BEGIN SUPPLIED RECORDS

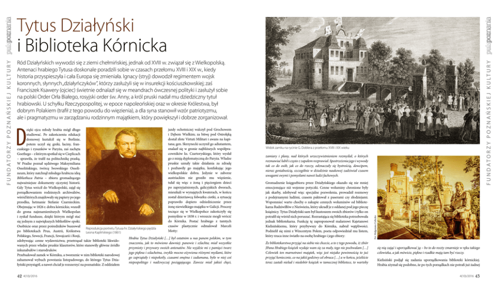 D jazdy ochotniczej walczył pod Grochowem zięki ojcu młody hrabia mógł długo i Dębem Wielkim; za bitwę pod Ostrołęką studiować. Po zakończeniu edukacji dostał złote Virtuti Militari i awans na kapidomowej kształcił się w Berlinie, tana; gen. Skrzynecki uczynił go adiutantem, potem uczył się greki, łaciny, franznalazł się w gronie najbliższych współpracuskiego i rysunków w Paryżu, zaś zachęta cowników ks. Czartoryskiego, który wysłał Goethego – z którym spotkał się w Cieplicach go z misją dyplomatyczną do Paryża. Władze – sprawiła, że trafił na politechnikę praską. pruskie uznały takie działania za zdradę W Pradze poznał sędziwego Maksymiliana i pozbawiły go majątku, konfiskując jego Ossolińskiego, twórcę lwowskiego Ossoliwielkopolskie dobra. Jedynie w zaborze neum, który natchnął młodego hrabicza ideą austriackim nie groziło mu więzienie, Bibliotheca Patria – zbioru gromadzącego tułał się więc z żoną i pięciorgiem dzieci najważniejsze dokumenty ojczystej historii. po zaprzyjaźnionych, galicyjskich dworach, Gdy Tytus wrócił do Wielkopolski, zajął się mieszkali w wynajętych kwaterach, w końcu porządkowaniem rodzinnych archiwaliów, został dzierżawcą folwarku ciotki, a sytuację wśród których znajdowały się papiery po jego poprawiło dopiero odziedziczenie przez przodku, hetmanie Stefanie Czarnieckim. żonę niewielkiego majątku w Galicji. Procesy Obejmując w 1826 r. dobra kórnickie, wszedł toczące się w Wielkopolsce zakończyły się do grona najznamienitszych Wielkopolan pomyślnie w 1838 r. i wreszcie mogli wrócić i zyskał fundusze, dzięki którym mógł stać do Kórnika. Postać hrabiego z tamtych się jednym z największych bibliofilów epoki. czasów plastycznie odmalował Marceli Osobiście oraz przez pośredników buszował Reprodukcja portretu Tytusa hr. Działyńskiego pędzla Motty: po bibliotekach Prus, Austrii, Królestwa Leona Kaplińskiego (1861) Polskiego, Szwecji, Francji, Szwajcarii i Rosji, Hrabia Tytus Działyński […] był ostatnim u nas panem polskim, w tym zdobywając cenne wydawnictwa; przetrząsał także biblioteki likwidoznaczeniu, jak to mówiono dawniej: panowie i szlachta; miał wszystkie wanych przez władze pruskie klasztorów, które stanowiły główne źródło przymioty i przywary swoich antenatów. Nie wyjdzie mi z pamięci twarz inkunabułów i starodruków. jego piękna i szlachetna, zwykle mocno ożywiona różnymi myślami, które Przebudował zamek w Kórniku, a tworzenie w nim biblioteki narodowej go zaprzątały i niepokoiły, czasami smętna i zadumana, było w niej coś zahamował wybuch powstania listopadowego, do którego Tytus Dzianiepospolitego i nadzwyczaj pociągającego. Zawsze miał jakieś chęci, łyński przystąpił, a nawet chciał je rozszerzyć na poznańskie. Z oddziałem 42 4(10)/2016 F undatorzy pozna ń skiej kultury Ród Działyńskich wywodzi się z ziemi chełmińskiej, jednak od XVIII w. związał się z Wielkopolską. Antenaci hrabiego Tytusa doskonale poradzili sobie w czasach przełomu XVIII i XIX w., kiedy historia przyspieszyła i cała Europa się zmieniała. Ignacy (stryj) dowodził regimentem wojsk koronnych, słynnych „działyńczyków”, którzy zasłużyli się w insurekcji kościuszkowskiej; zaś Franciszek Ksawery (ojciec) świetnie odnalazł się w meandrach ówczesnej polityki i zasłużył sobie na polski Order Orła Białego, rosyjski order św. Anny, a król pruski nadał mu dziedziczny tytuł hrabiowski. U schyłku Rzeczypospolitej, w epoce napoleońskiej oraz w okresie Królestwa, był dobrym Polakiem (trafił z tego powodu do więzienia), a dla syna stanowił wzór patriotyzmu, ale i pragmatyzmu w zarządzaniu rodzinnym majątkiem, który powiększył i dobrze zorganizował. Widok zamku na rycinie G. Doblera z przełomu XVIII i XIX wieku zamiary i plany, nad których urzeczywistnieniem rozmyślał, o których rozmawiać lubił i często z zapałem rozprawiał. Spostrzeżenia jego i wywody tak co do osób, jak co do rzeczy, odznaczały się bystrością, dowcipem, nieraz genialnością, szczególnie w dziedzinie naukowej zadziwiał czasem uwagami swymi i pomysłami nawet ludzi fachowych. Gromadzenie księgozbioru przez Działyńskiego okazało się nie mniej emocjonujące niż wojenne potyczki. Cenne woluminy chronione były jak skarby, zdobywał więc specjalne pozwolenia, prowadził rozmowy z podejrzanymi ludźmi, czasem paktował z paserami czy złodziejami. Wspomnieć warto choćby o zakupie cennych woluminów od bibliotekarza Radziwiłłów z Nieświeżu, który ukradł je z oddanej pod jego pieczę książnicy. Tytus Działyński sam był kustoszem swoich zbiorów i tylko on potrafił się wśród nich poruszać. Rozrastająca się biblioteka potrzebowała jednak bibliotekarza. Funkcję tę zaproponował malarzowi Kajetanowi Kielisińskiemu, który przybywszy do Kórnika, nabrał wątpliwości. Podzielił się nimi z Wincentym Polem, poeta odpowiedział mu listem, który rzuca inne światło na osobę hrabiego i jego zbiory: Że bibliotekarstwa przyjąć na siebie nie chcecie, a to z tego powodu, iż zbiór JPana Hrabiego książek wydaje wam się za mały, tego nie pochwalam […] Człowiek ten marnotrawi majątek, więc jest niejako powinnością to już przyjąć koniecznie, co na jakiś godziwy cel obraca […] a w końcu, jeżeliście teraz zastali nieład i niedobór książek w tamecznej bibliotece, to wartoby Fot. Małgorzata Cieliczko F undatorzy pozna ń skiej kultury Tytus Działyński i Biblioteka Kórnicka się nią zająć i uporządkować ją – bo to do reszty zmarnieje w ręku takiego człowieka, a jak mówicie, piękne i rzadkie mają tam być rzeczy. Kielisiński podjął się zadania uporządkowania biblioteki kórnickiej. Hrabia zżymał się podobno, że po tych porządkach nie potrafi już żadnej 4(10)/2016 43 REKLAMA Fot. Waldemar Borowiak Fot. Małgorzata Ciel
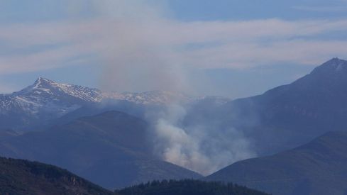Efectivos de la Consejería de Fomento y Medio Ambiente terrestres y aéreos intervienen la extinción de un incendio forestal registrado este tarde en la localidad berciana de San Adrián de Valdueza, en el municipio de Ponferrada. Aunque las llamas, acompañadas de una notable presencia de humo visible desde parte de la comarca, comenzaron cerca de la localidad, parece que no reviste peligro para las casas, según confirmaron fuentes consultadas por Ical.
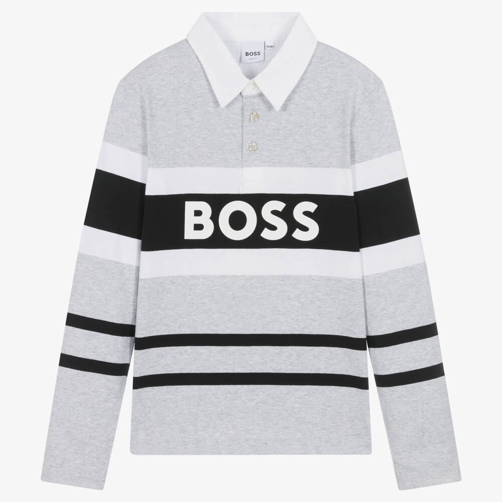 Long-sleeved BOSS top for teen boys in grey, navy blue and white, with a logo print across the front. Made in comfortable cotton jersey, it has classic rugby shirt styling, with a cotton twill collar, horizontal stripes and a split hem. Completing the designer look, it fastens with branded buttons and has a logo tab on the side seam.
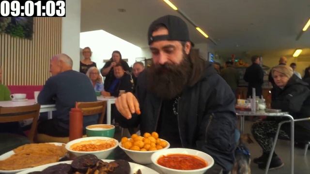 В этом выпуске мы попытаемся доказать неправоту несогласного пользователя Reddit, преодолев пока что непобедимый завтрак-челлендж на озере Вестпорт! Отважные любители всего жирного получают всего 30 МИНУТ, чтобы съесть шесть ломтиков бекона, шесть сосисок, шесть яиц, шесть кровяной колбасы, две большие порции грибов, одну миску фасоли, одну миску помидоров, одну миску картофельных шариков, шесть ломтиков тоста и шесть овсяных лепешек… плюс горячий напиток… Успейте вовремя, и обед стоимостью 25 фунтов стерлингов будет БЕСПЛАТНЫМ… плюс вы получите футболку победителя и место на его, пока еще пустой, стене славы!
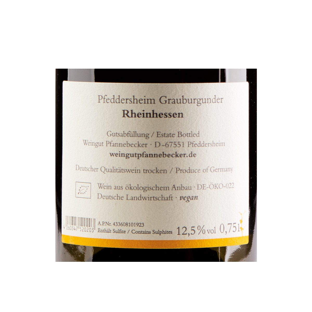 Der Pfannebecker Pfeddersheimer Grauburgunder QbA trocken gehört zu den Ortsweinen des rheinhessischen Weinguts Pfannebecker. Er wächst in den alten Weinbergen der Gemarkung Pfeddersheim. Bereits in der Spätantike wurde hier Wein kultiviert. Heute werden die Lagen mit biologischem Weinbau bewirtschaftet. Der Grauburgunder reift auf natürlicher Hefe der Trauben, zu 50% im großen Holzfass. Bis zur Abfüllung bleibt er auf der Feinhefe.
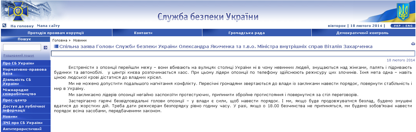 Главы СБУ Александр Якименко и МВД Виталий Захарченко призвали немедленно прекратить вооруженное противостояние в центре Киева и вернуться за стол переговоров. Если через два часа беспорядок не прекратится, СБУ и МВД "вынуждены будут прибегнуть к жестким действиям".
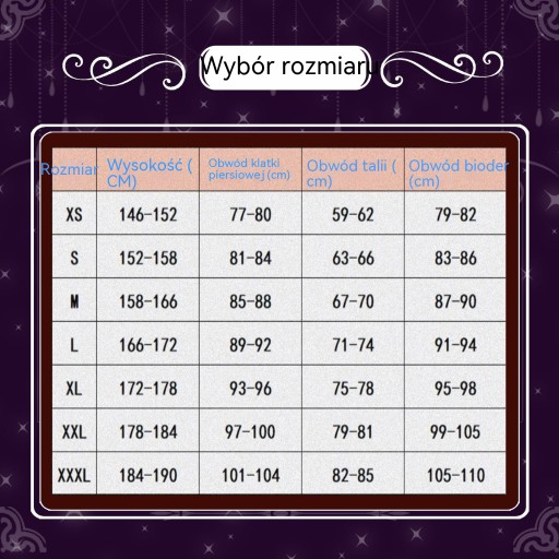 Przed zakupem prosimy o wybranie rozmiaru zgodnie z poniższą tabelą rozmiarów.

END SUPPLIED RECORDS

# [ABOUT THIS TASK]
Reproduce exactly, without any picture, the lines from the one bearing "В этом выпуске" to the last line of the records above.

# [EXPECTED OUTPUT]
 В этом выпуске мы попытаемся доказать неправоту несогласного пользователя Reddit, преодолев пока что непобедимый завтрак-челлендж на озере Вестпорт! Отважные любители всего жирного получают всего 30 МИНУТ, чтобы съесть шесть ломтиков бекона, шесть сосисок, шесть яиц, шесть кровяной колбасы, две большие порции грибов, одну миску фасоли, одну миску помидоров, одну миску картофельных шариков, шесть ломтиков тоста и шесть овсяных лепешек… плюс горячий напиток… Успейте вовремя, и обед стоимостью 25 фунтов стерлингов будет БЕСПЛАТНЫМ… плюс вы получите футболку победителя и место на его, пока еще пустой, стене славы!
 Der Pfannebecker Pfeddersheimer Grauburgunder QbA trocken gehört zu den Ortsweinen des rheinhessischen Weinguts Pfannebecker. Er wächst in den alten Weinbergen der Gemarkung Pfeddersheim. Bereits in der Spätantike wurde hier Wein kultiviert. Heute werden die Lagen mit biologischem Weinbau bewirtschaftet. Der Grauburgunder reift auf natürlicher Hefe der Trauben, zu 50% im großen Holzfass. Bis zur Abfüllung bleibt er auf der Feinhefe.
 Главы СБУ Александр Якименко и МВД Виталий Захарченко призвали немедленно прекратить вооруженное противостояние в центре Киева и вернуться за стол переговоров. Если через два часа беспорядок не прекратится, СБУ и МВД "вынуждены будут прибегнуть к жестким действиям".
 Przed zakupem prosimy o wybranie rozmiaru zgodnie z poniższą tabelą rozmiarów.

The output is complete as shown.